■ **Problem statement**:
Among the lines below, copy exactly those from the one with "January 21Jan 21" through the one with "Huskensweg 47 is", counting both ends.

■ **Material shown**:
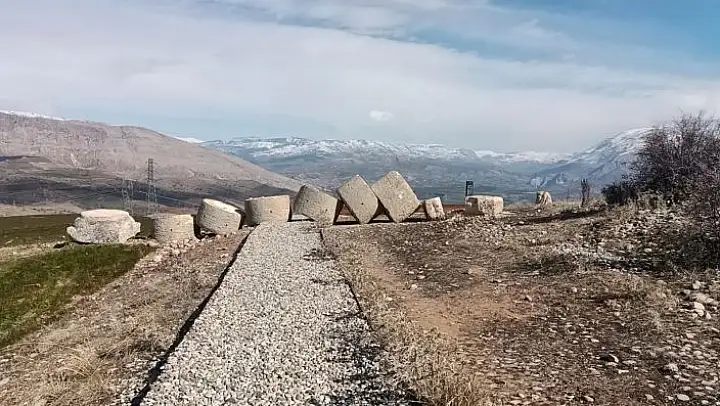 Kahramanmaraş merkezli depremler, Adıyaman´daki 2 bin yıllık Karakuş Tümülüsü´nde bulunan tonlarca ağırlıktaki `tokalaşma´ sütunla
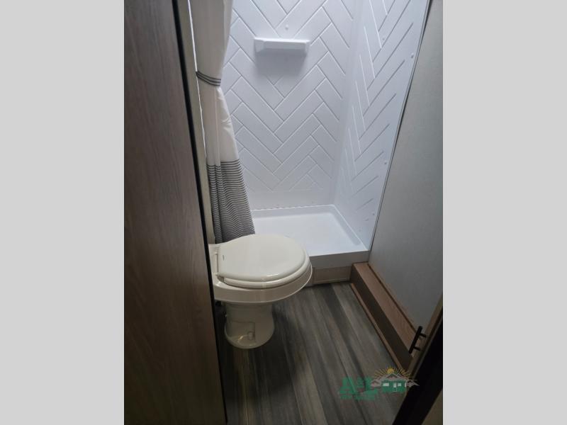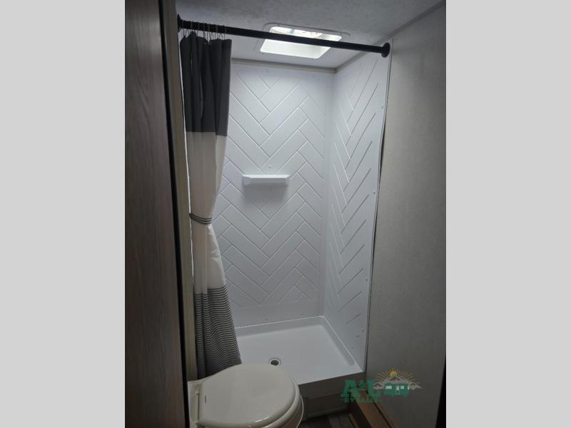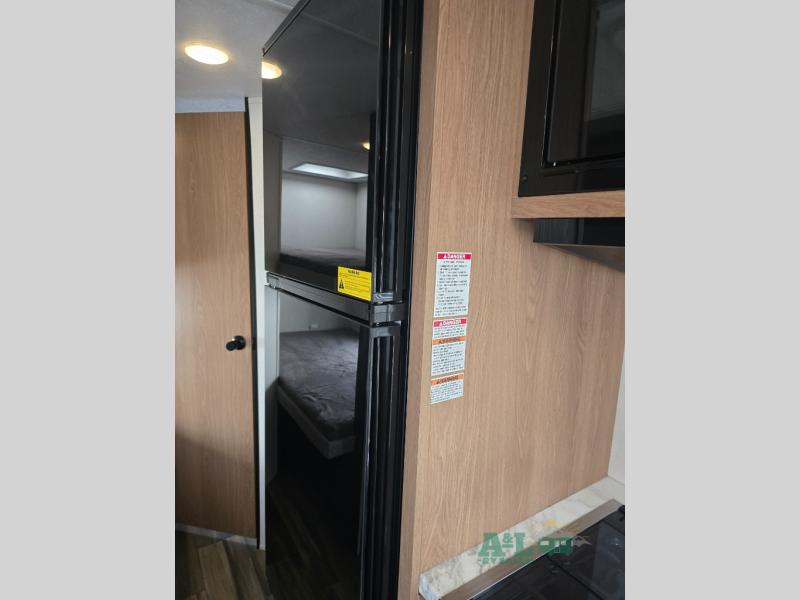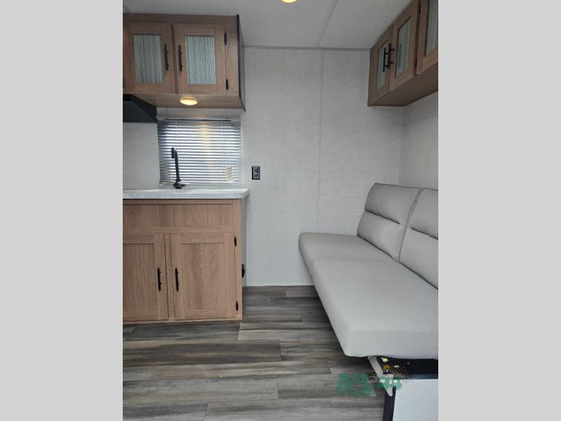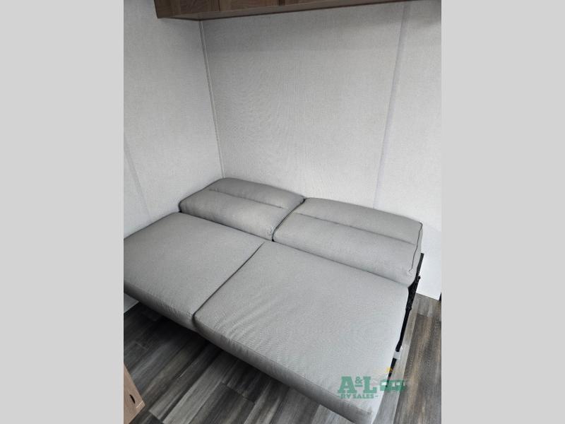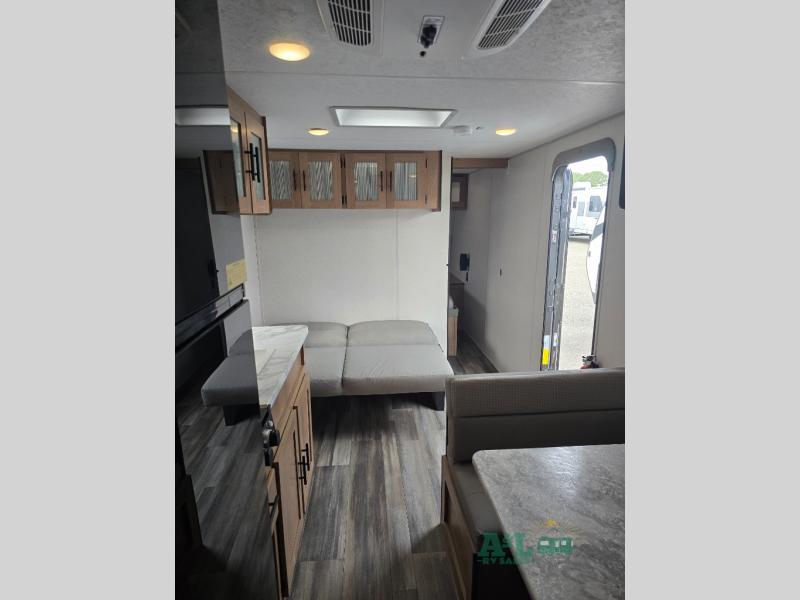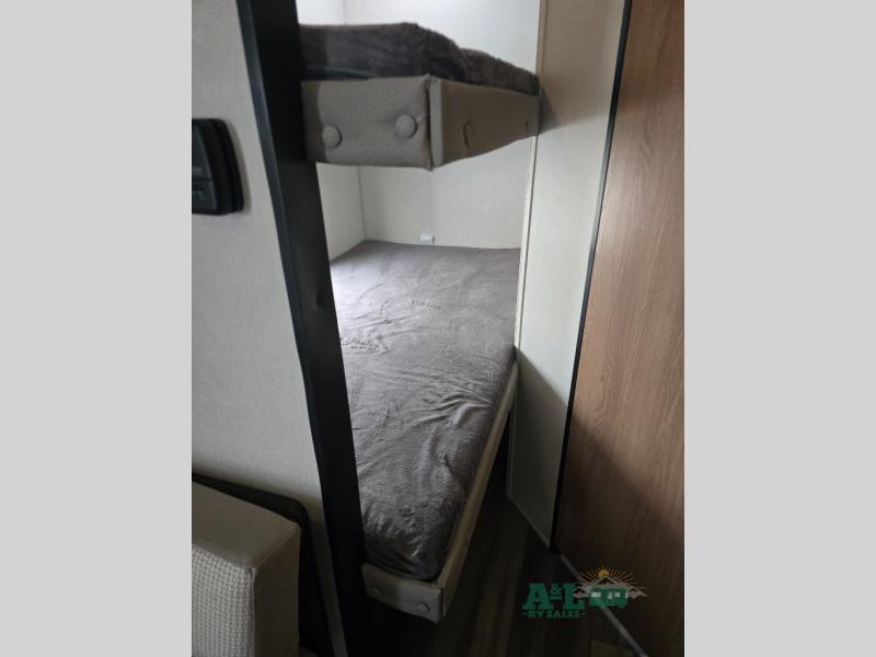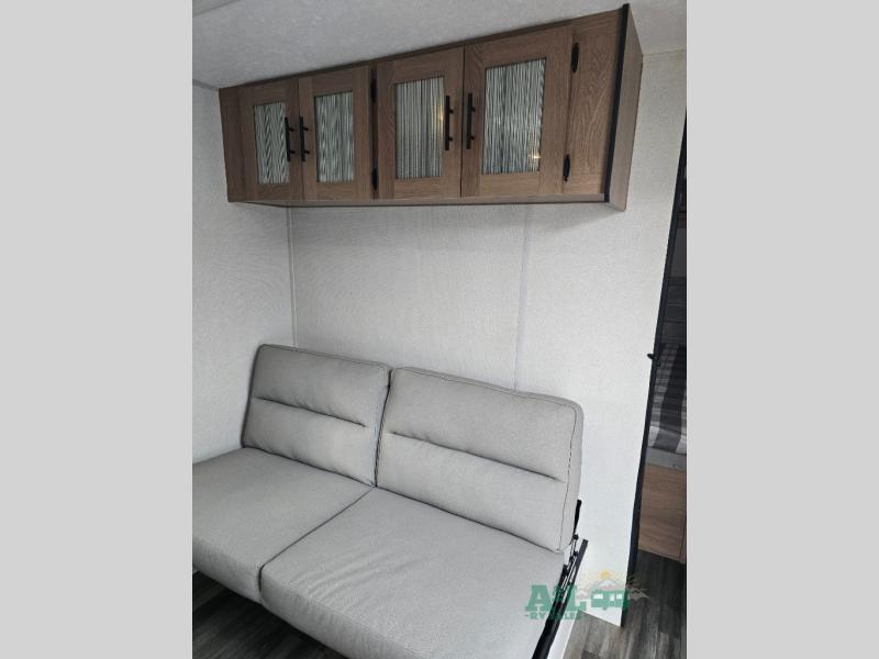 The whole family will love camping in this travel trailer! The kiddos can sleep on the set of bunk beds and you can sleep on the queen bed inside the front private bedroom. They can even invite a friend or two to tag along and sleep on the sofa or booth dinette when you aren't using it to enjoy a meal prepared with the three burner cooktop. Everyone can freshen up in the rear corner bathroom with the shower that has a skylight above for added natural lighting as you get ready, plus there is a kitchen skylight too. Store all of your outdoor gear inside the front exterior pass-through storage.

--

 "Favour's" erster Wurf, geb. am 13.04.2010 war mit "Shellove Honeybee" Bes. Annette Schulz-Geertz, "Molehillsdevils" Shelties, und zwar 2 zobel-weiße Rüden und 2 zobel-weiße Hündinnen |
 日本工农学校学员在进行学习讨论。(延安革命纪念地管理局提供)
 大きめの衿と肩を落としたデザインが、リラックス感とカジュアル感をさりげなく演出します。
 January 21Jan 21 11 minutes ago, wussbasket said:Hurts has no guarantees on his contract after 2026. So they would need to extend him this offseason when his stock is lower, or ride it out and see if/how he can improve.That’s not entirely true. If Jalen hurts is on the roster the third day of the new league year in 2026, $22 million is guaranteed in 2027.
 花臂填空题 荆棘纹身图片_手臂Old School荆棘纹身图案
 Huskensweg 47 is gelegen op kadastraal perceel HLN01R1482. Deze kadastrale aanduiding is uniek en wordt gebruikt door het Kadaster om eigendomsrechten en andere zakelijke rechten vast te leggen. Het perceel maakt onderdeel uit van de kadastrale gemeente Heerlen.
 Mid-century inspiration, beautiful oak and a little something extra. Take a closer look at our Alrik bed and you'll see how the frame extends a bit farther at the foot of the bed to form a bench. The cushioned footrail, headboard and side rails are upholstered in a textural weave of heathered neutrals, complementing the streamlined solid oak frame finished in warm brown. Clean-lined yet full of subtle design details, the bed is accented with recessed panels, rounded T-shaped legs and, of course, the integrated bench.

---

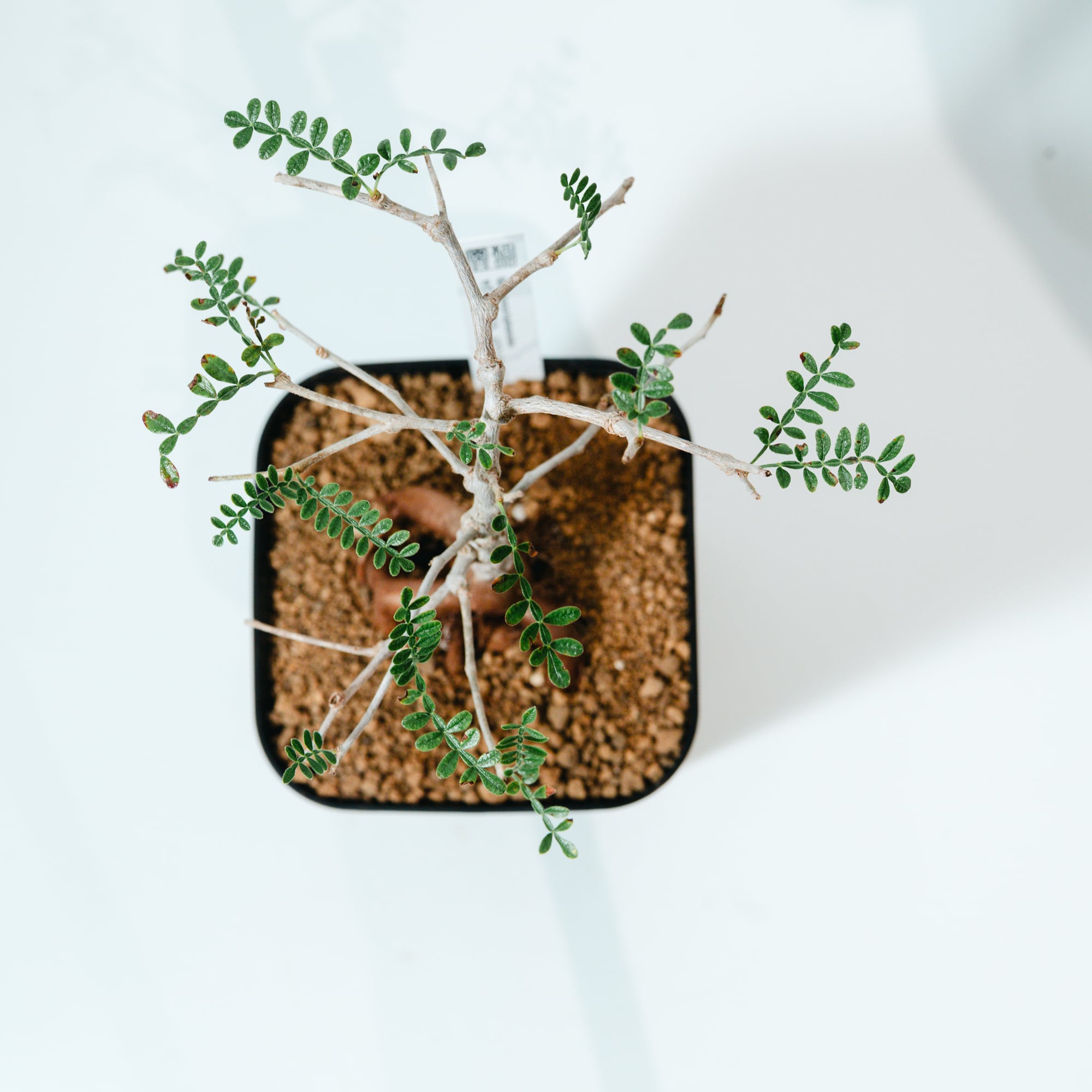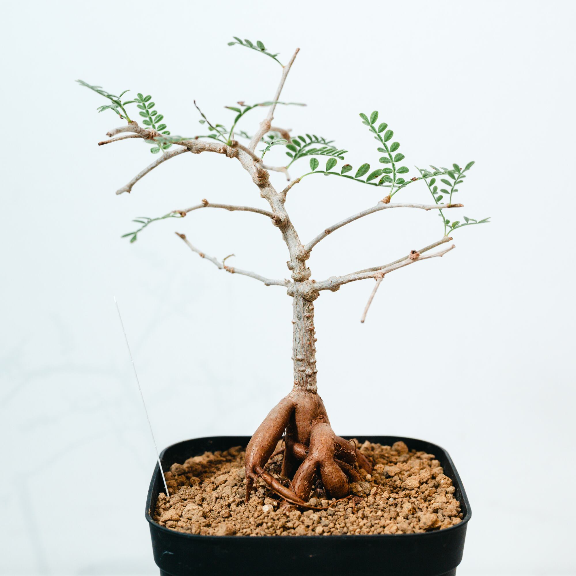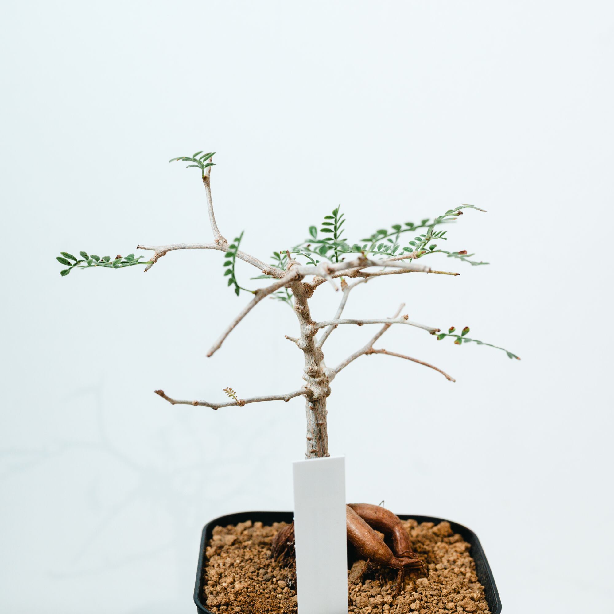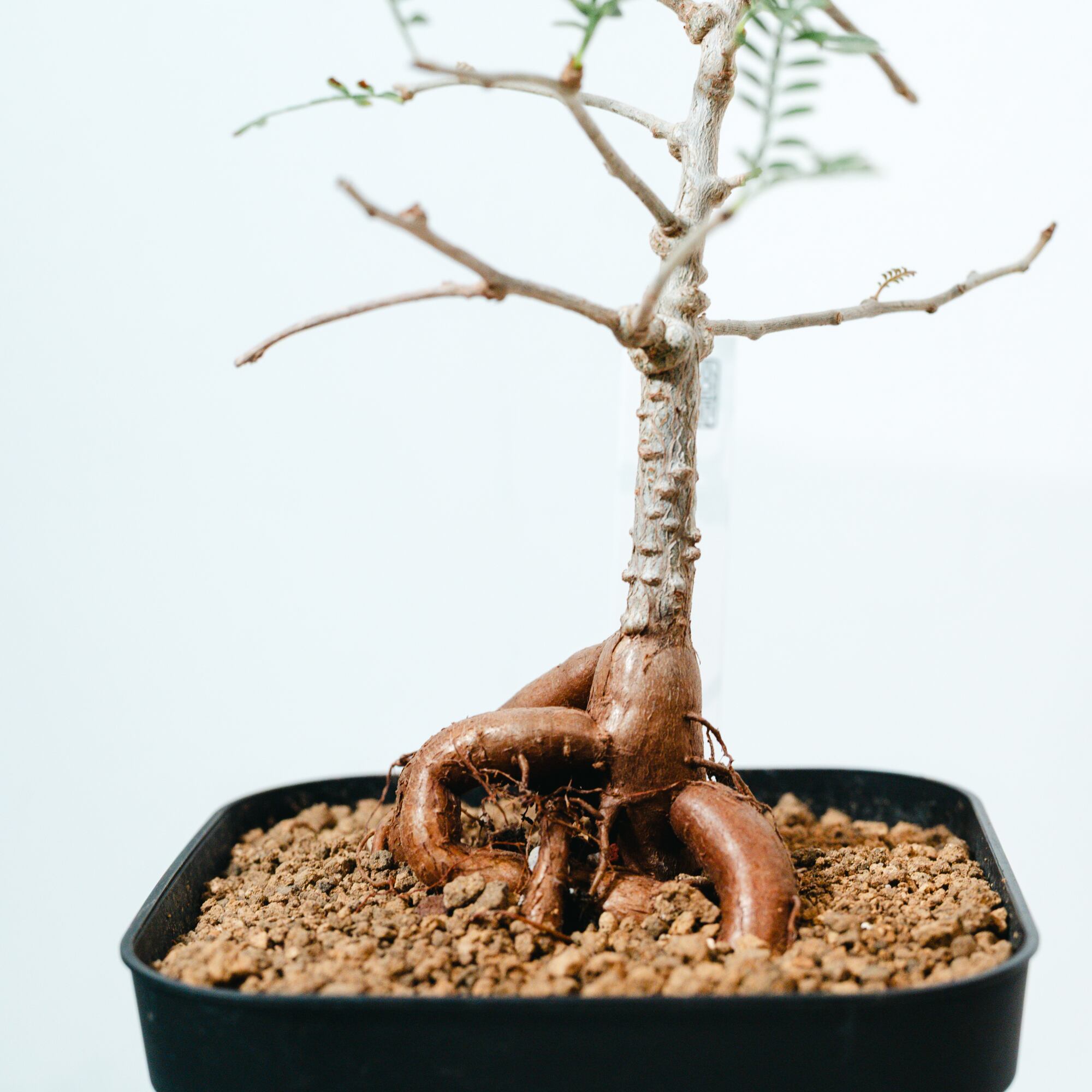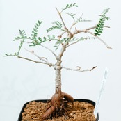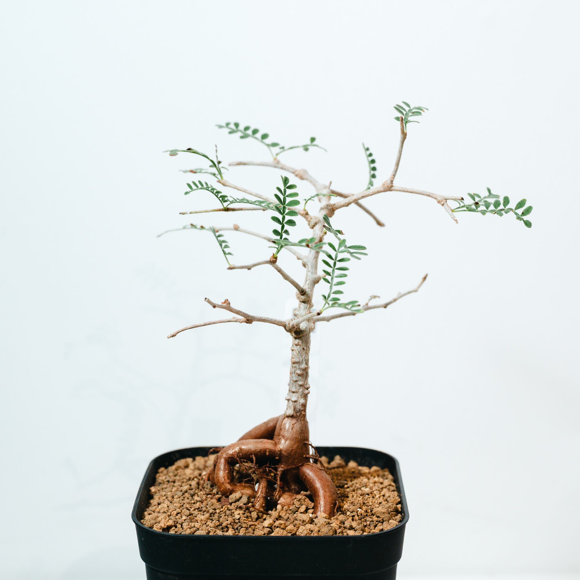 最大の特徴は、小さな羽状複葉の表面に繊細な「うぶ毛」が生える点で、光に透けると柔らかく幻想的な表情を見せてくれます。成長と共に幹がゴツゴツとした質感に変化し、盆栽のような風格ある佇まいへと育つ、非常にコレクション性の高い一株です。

■ **Answer space**:
 January 21Jan 21 11 minutes ago, wussbasket said:Hurts has no guarantees on his contract after 2026. So they would need to extend him this offseason when his stock is lower, or ride it out and see if/how he can improve.That’s not entirely true. If Jalen hurts is on the roster the third day of the new league year in 2026, $22 million is guaranteed in 2027.
 花臂填空题 荆棘纹身图片_手臂Old School荆棘纹身图案
 Huskensweg 47 is gelegen op kadastraal perceel HLN01R1482. Deze kadastrale aanduiding is uniek en wordt gebruikt door het Kadaster om eigendomsrechten en andere zakelijke rechten vast te leggen. Het perceel maakt onderdeel uit van de kadastrale gemeente Heerlen.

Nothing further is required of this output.